To continue the DL analogy, perhaps we can use DL directly, as the generator to our discriminators. Can we do something like my GPT-3 Arxiv example where GPT-3 completed a real but obscure paper and I challenged people to detect where the completion began?

This is starting to be workable: anyone can access GPT-3 and in a few seconds, generate a completion. So it’s not too burdensome. GPT-3 is such an excellent mimic of style and text that one has to be concentrating to detect the exact transition point: if one waits until the errors have accumulated and the classic ‘meandering’ text becomes obvious, one may be several paragraphs into the fiction.

But it still limits how much we learn if we do one completion of the paper. GPT-3 is going to do badly faking the rest of the paper as its errors and forgetting accumulate, and it won’t be able to fake figures. (We can, however, expect future multimodal systems like CM3 to seamlessly fake the figures given an Arxiv prompt. Just not yet!)

Perhaps we can go paragraph by paragraph through the paper? Generate 1 paragraph, guess pair, reveal.

Fake Paragraphs

If pairs are still too much work for too little feedback, we can easily generate more completions and provide, say, 4 choices. Now the user gets dense rapid feedback, with no work from a human presenter.

To gain variety in completions, we can edit the prompt—nothing says we have to complete using exactly the original text, we can delete sentences or randomize numbers to generate a lot of diversely fake completions, while continuing to show the FJC user the original text. (There are also models like Wright et al 2022 for extracting specific claims, which could be used to generate claims & negations.)

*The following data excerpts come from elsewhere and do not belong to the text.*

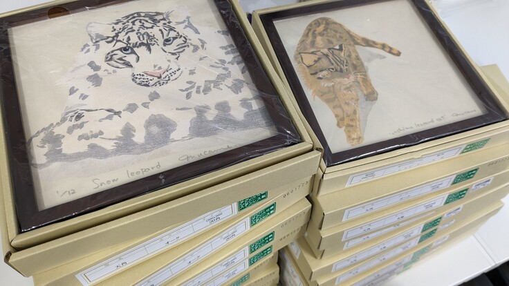木版画 A(スマトラトラ),C(ツシマヤマネコ Ver.2),E(ユキヒョウVer.2 )に若干在庫があります。クラファンは終了していますが,岐阜大学への直接の寄付の仕組みもありますので,追加や新規のご寄付をいただけるようでしたら,5/20までに楠田までご連絡ください。岐阜大学への寄付は,寄附金税額控除の適用対象です。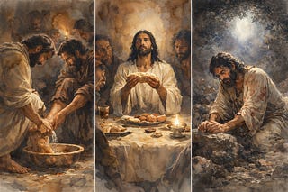 A suffering servant who washes feet, breaks bread, and sweats blood in a garden: three acts that strip power of its pretensions and reveal what it costs…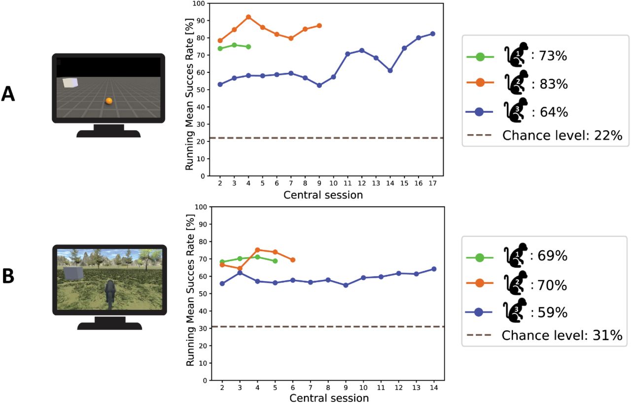 Вчені з Бельгії навчили мавп орієнтуватися в реалістичних тривимірних віртуальних середовищах за допомогою інтерфейсу мозок-комп’ютер — і зробили це вперше без будь-яких фізичних рухів під час тренування.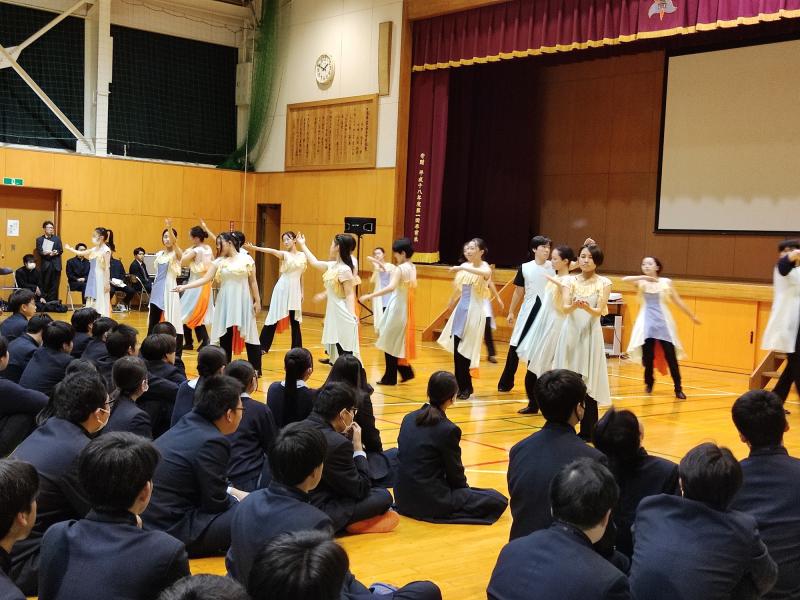 生徒たちは2日間を通して、『旅立ち』をテーマに様々な場面や感情を考え、それらを表現する演技を自分たちで創り上げました。最終日は、生徒たちの想像力やこれまでに培ってきた表現力が存分に発揮された素晴らしい発表になり、観覧した1年生や先生方も涙を流していました。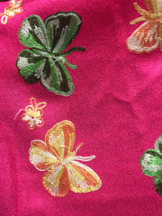 Vintage Styled Colored Butterfly Pashmina Shawl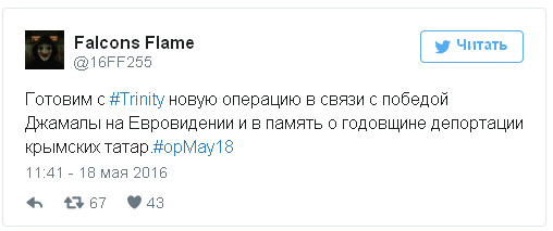 В конце текста от имени Аксенова говорится, что он очень рад победе Джамалы на Евровидении и рассчитывает на успешное проведение конкурса в 2017 году "в Украине, а именно - в Крыму". Обращение завершается хэштегом #OpMay18, характерным для альянса Falcons Flame и Trinity.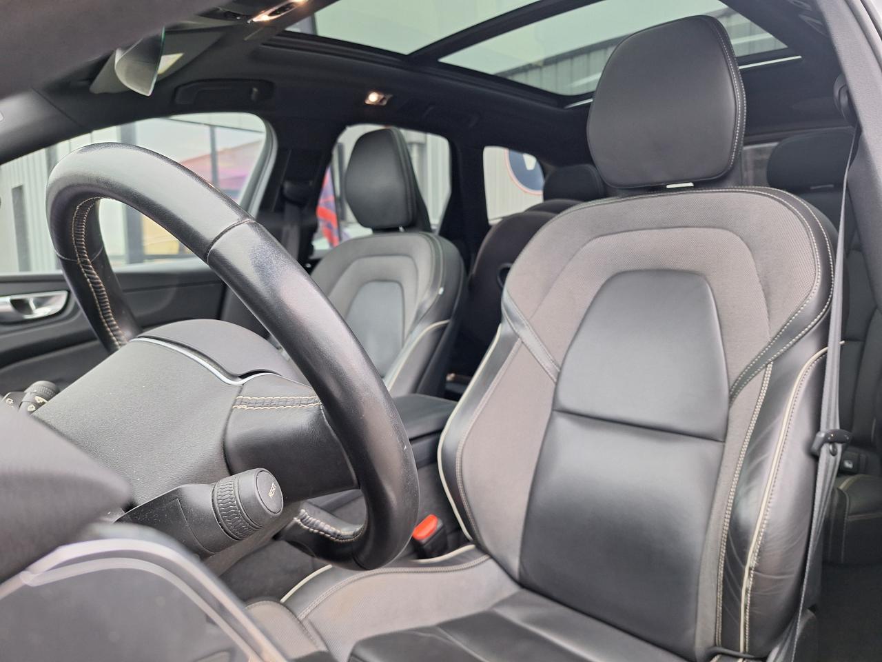 2 prises USB type-C4 points d'ancrage dans les panneaux latéraux du compartiment à bagagesAccoudoir central avant avec porte-gobeletsAirbag genoux conducteurAirbag passager désactivable avec témoin d'indication (on/off)Airbags conducteur et passager à déclenchement différenciéAirbags latéraux conducteur et passager SIPS-BAGAirbags rideauxAlerte Distraction Trafic (Ready to drive notification)Alerte franchissement de ligne activeAllumage automatique des projecteursAppuis-tête arrière rabattables électriquementAssise des sièges avant extensibleAssistance au démarrage en côteBouclier avant et Diffuseur arrière spécifiques avec inserts Noir LaquéBouton de verrouillage centraliséCâble de recharge de 4,5 mètres avec LED d'indication de chargeCalandre spécifique avec incrustations et contour Noir LaquéCapteur de pluieCeintures de sécurité à inertie à 3 points d'ancrage sur les 5 siègesChâssis DynamiqueCity Safety, système d'anticipation de collision intelligentClé gainée de CuirCleanZone Filtre à charbon de climatisation multi-actif AQS et fonction pré-ventilationClimatisation automatique bi-zone avec système de recirculation d'air et filtre anti-pollenCombiné d'instruments digital 12,3” nouvelle générationCommande vocale avancéeCommandes audio au volantConnexion BluetoothContour des vitres latérales Noir LaquéContrôle de la stabilité au roulis RSCCoques de rétroviseurs noir laquéCorrecteur électronique de trajectoire (ESC)Déclenchement automatique des feux de détresse lors d'un freinage d'urgenceDétecteur d'humiditéDirection assistée électrique asservie à la vitesseDossier arrière rabattable 60 / 40Eclairage d'accompagnement et éclairage d'approcheEclairage de coffreEclairage de la boîte à gantsEclairage des pieds à l'avantEclairage intérieur temporiséEcran tactile multimédia haute résolution 9”, personnalisableFeux antibrouillard arrièreFeux arrière à LEDFeux de freinage d'urgenceFeux de jourFilet de protection coffre / habitacleFonction climatisation de l'habitacle moteur coupéFonction Eco : optimisation des paramètres véhicule pour une conduite économique et écologiqueFonction Start/StopFrein de parking électronique automatiqueFreinage automatique post-collisionHayon électriqueIncrustations Aluminium MailléIndicateur de perte de pression des pneusInserts Noir Laqué sur le bouclier avant et arrièreJantes alliage 19” 5 branches double Noir / Diamant avec pneus 235/55 V R19Kit anti-crevaisonLimitateur et régulateur de vitesseMiroirs de courtoisie éclairésMise à jour du système à distanceMode de conduite personnalisableOrdinateur de bordOuverture des portes sans clé Keyless Entry incluant éclairage du sol dans les poignées de porte avant et Keyless mini-télécommande + Hayon électrique avec fonction Confort (sans les mains)Pack Digital ConnectPack EclairagePack StationnementPare-brise en verre feuilleté et colonne de direction rétractable en cas de chocPare-chocs arrière avec sorties d'échappement intégréesPavillon de toit AnthracitePédalier R-design en AluminiumPhares LED avec correcteur dynamique de la portée et feux de jour design marteau de ThorPommeau de levier de vitesses R-design en CuirPort de recharge sur l'aile avant gauchePorte-ticket de parking et d'autoroutePrécâblage électrique pour crochet d'attelagePréconditionnement de l'habitacle (chauffage ou climatisation)Préparation pour siège enfant ISOFIX pour sièges latéraux arrièrePrise 12V dans le coffreRadio numérique terrestreRampes de pavillon laquées noiresRappel d'oubli de bouclage des ceintures de sécurité avant et arrièreRappels de clignotants à LED intégrés aux rétroviseurs extérieursReconnaissance des panneaux de signalisationRétroviseur extérieur conducteur grand angleRétroviseur intérieur électrochrome sans contourRétroviseurs extérieurs photochromatiquesRétroviseurs extérieurs rabattables électriquementSécurité connectée : Alerte Feux de détresse et Chaussée glissanteSellerie Tissu / Cuir Nappa perforé Anthracite avec surpiqûres et passepoil BeigeSeuil de coffre en aluminiumSeuils de portes en Aluminium à l'avant badgés RechargeSiège conducteur à réglages électriques avec mémoireSièges à réglage lombaire électrique 4 positions à l'avantSièges avant réglables en hauteur électriquementSièges Sport Contour (renforts latéraux pour un meilleur maintien)Sonde de température extérieure et horlogeSpots de lecture à l'avantStructure de l'habitacle renforcée à l'acier de BoreSubwooferSystème Alerte Trafic en marche arrière avec freinage automatique en cas de danger (Rear auto brake)Système audio Volvo High Performance : 220 W, 10 HP, radio RDSSystème de contrôle de la descente (HDC)Système de contrôle de la stabilité et de la traction STCSystème de contrôle du freinage du véhicule VDCSystème de protection anti-sortie de routeSystème de protection collision frontaleSystème de protection en cas de sortie de route comprenant : Ceintures de sécurité actives à prétensionneurs, Assise des sièges avant à absorption d’énergie et Pédale de frein rétractable en cas de collision frontaleSystème de récupération de l'énergie au freinageSystème de réglage en hauteur des pharesSystème de surveillance de la vigilance du conducteurSystème intelligent d'informations au conducteur IDISTapis de sol R-designTélécommande de verrouillage centralisé avec clé de contact intégrée, fermeture à distance des vitres et du toit ouvrant et fonction panique (déclenchement du klaxon et des feux de détresse)Toit ouvrant panoramique en deux parties avec pare-soleil électriqueTransmission intégrale AWD à 4 roues motrices,gérée par électronique avec système Instant TractionTrappe à carburant intelligente sans bouchonTrousse de 1er secours, triangle de présignalisationVerrouillage automatique des portes à partir de 7 km/hVerrouillage manuel de sécurité enfantVitre

Ideally, with 4 choices, each would be picked 1⁄4^th of the time: if it’s easy to pick the right one, then the user could be learning more from a harder instance, and if some fakes are picked less than others, they are too easy to detect as being fake. Some fakes will be better or worse than others (or dangerously similar!), so we won’t see an even distribution of errors over them; so we should drop them and generate new ones. If dissatisfied, we can edit or write them manually, or solicit better ones from users.

If we find that domain expertise or prior knowledge of papers is a problem, we can edit the prompt further: nothing says that the prompt has to be a real paper in the first place! We can, for example, write our own science paper on, say, the Ovid’s Unicorn, a rare quad-horned silver-white quadruped discovered in a remote valley in the Andes Mountains, who speak English. Since they don’t exist, we can easily make up whatever scientific findings we want about them, keeping it all self-consistent and logical. A model can then generate fake completions as it goes: perhaps some completions will reference their “horn” (singular), and others describe them as bovine, or just refer to prior studies on dragons which were, however, not referenced prior.

If we find that we are getting hung up on fine details of style and formatting, and failing to be adequately abstract, we can be more flexible and ask: does it need to be a paper?

We could instead complete an outline. (GPT-3 will handle simple indented Markdown-style lists without a problem.) Boil down a paper to an easily-parsed hierarchical outline, and challenge the user with completions of various sub-lists.

Website

This approach lends itself naturally to a scalable human-presenter-free static-website web quiz implementation with papers and a pool of pre-generated completions (no GPU or live OA API access required), collecting statistics on good or bad completions to decide what to remove, with papers from a wide variety of fields, real or fake.

A simple prototype could be done as a text document with the paragraphs then list of completions, then answer 1 screen down, and the reader grades themselves on the honor system.